"Dad, there's a possum in the chicken coop!" That's all it took. We threw on our shoes and coats as we ran to the barn. My dad turned on the barn light and went over to the tool wall. Carefully he examined his options to kill the poor thing. A shovel perhaps? Too unwieldy. A pitchfork? Messy. Ah, a sledgehammer. We then watched in awe, as our dad entered the chicken coop with his weapon of choice.
To our surprise and horror, we did not see one beady-eyed creature the size of a bulldog, but three. As we watched through the chicken wire from the goat milking stand, Dad hefted the sledgehammer onto his shoulder. Slam! Missed a possum. Wabam! He got one. The chickens sqaucked from their roosting positions in their front row seats, just five feet above the action.

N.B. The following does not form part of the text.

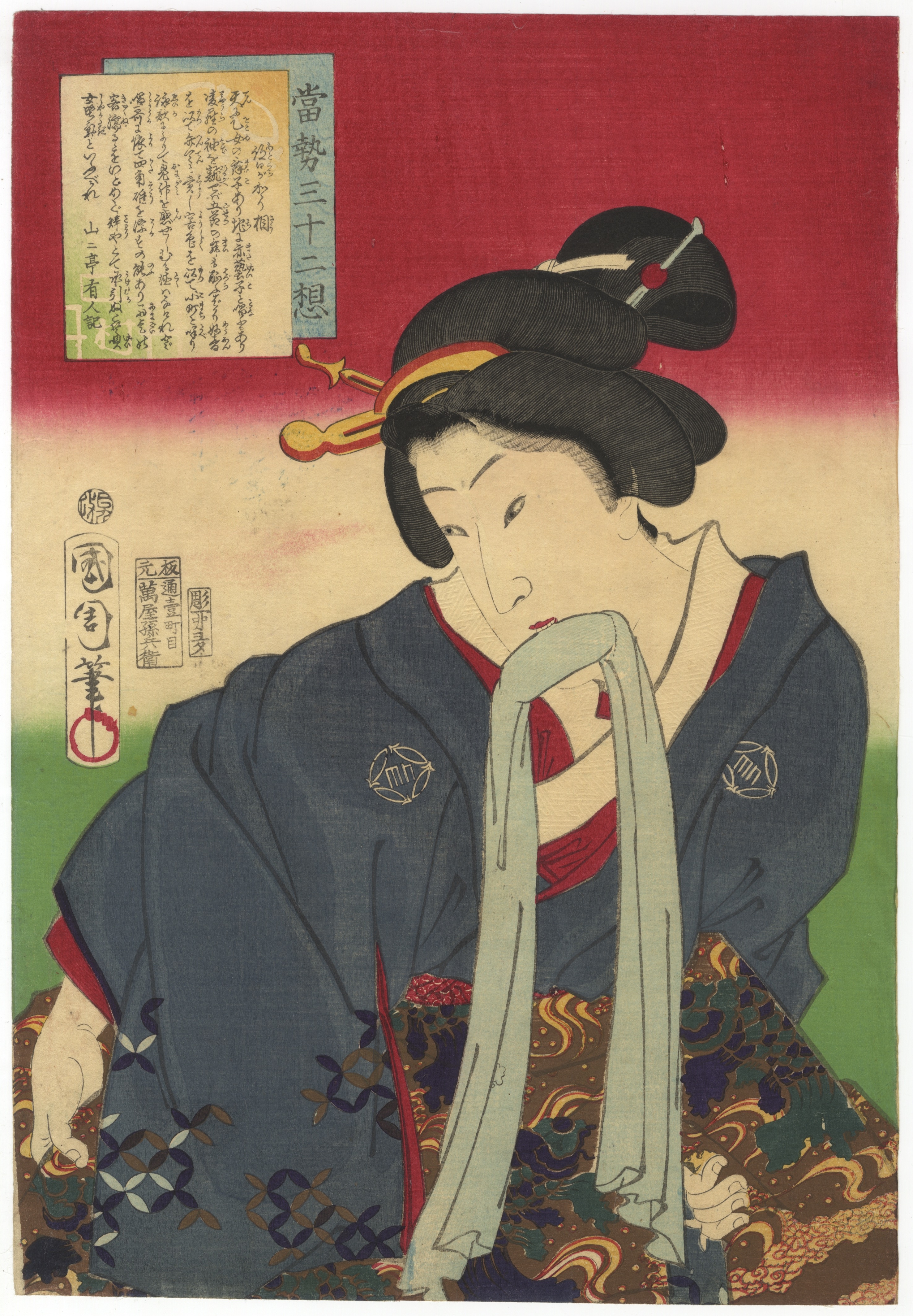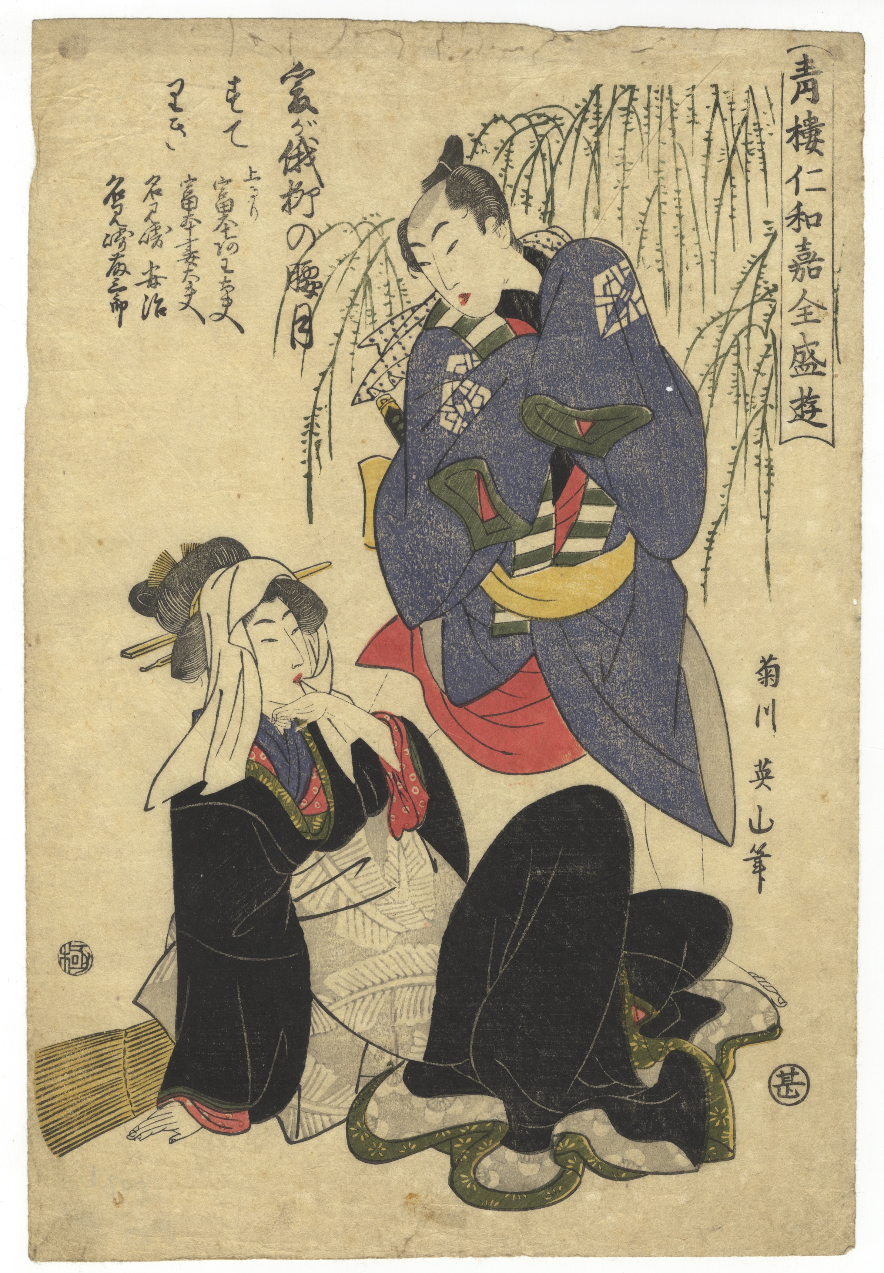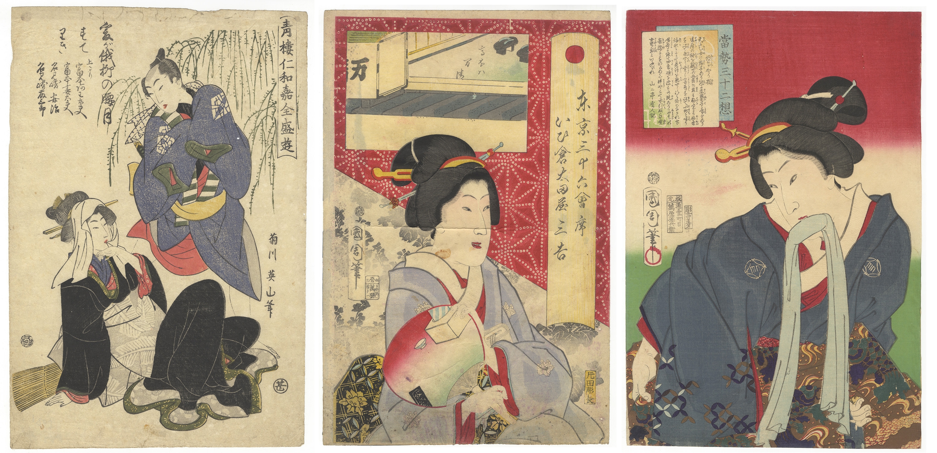This lot comprises three Japanese ukiyo-e woodblock prints on paper, each depicting female figures characteristic of the *bijinga* (beauty print) genre. The first print is signed “Kikukawa Eizan” and features two figures with extensive calligraphy and two visible seals. The second print is signed “Toyokuni ga” and bears a publisher’s seal, likely Nishimuraya Yohachi, portraying a single seated figure against patterned and architectural backgrounds. The third print is signed “Utagawa Kuniyoshi ga” and includes a title block “Tōsei Sanjūni Sō” along with publisher and censor seals, depicting a single figure holding a cloth.

Deftly, dad would hoist the sledgehammer again and again. Gradually, you could see the fatigue settling in. As he once again lifted the heavy tool, it became apparent this technique was not as effortless as we had originally suspected.
Down it came again, upon a villainous headhunter and lo, the sledgehammer broke into halves. We watched in awe as our hero panted. Two large possums stared at him and one lay unmoving at his feet. The four glittering black eyes reflected only calculation and greed as they glanced from Dad and his broken weapon to the roosting chickens above.
One of us grabbed a shovel from the wall, opened the door a crack, and slipped it through to Dad. Then rejoining the others on the milking stand, waited to see what a shovel could do to those fiends. Opening the tiny chicken door to the outside air, Dad then did his best to coax the possums outside. Eventually they left and he shoveled the fallen enemy into a garbage sack. The next morning we found another of the possums in a trap placed strategically in the nearby garden.
I will never forget the awesome sight of my father, lifting and swinging that sledgehammer.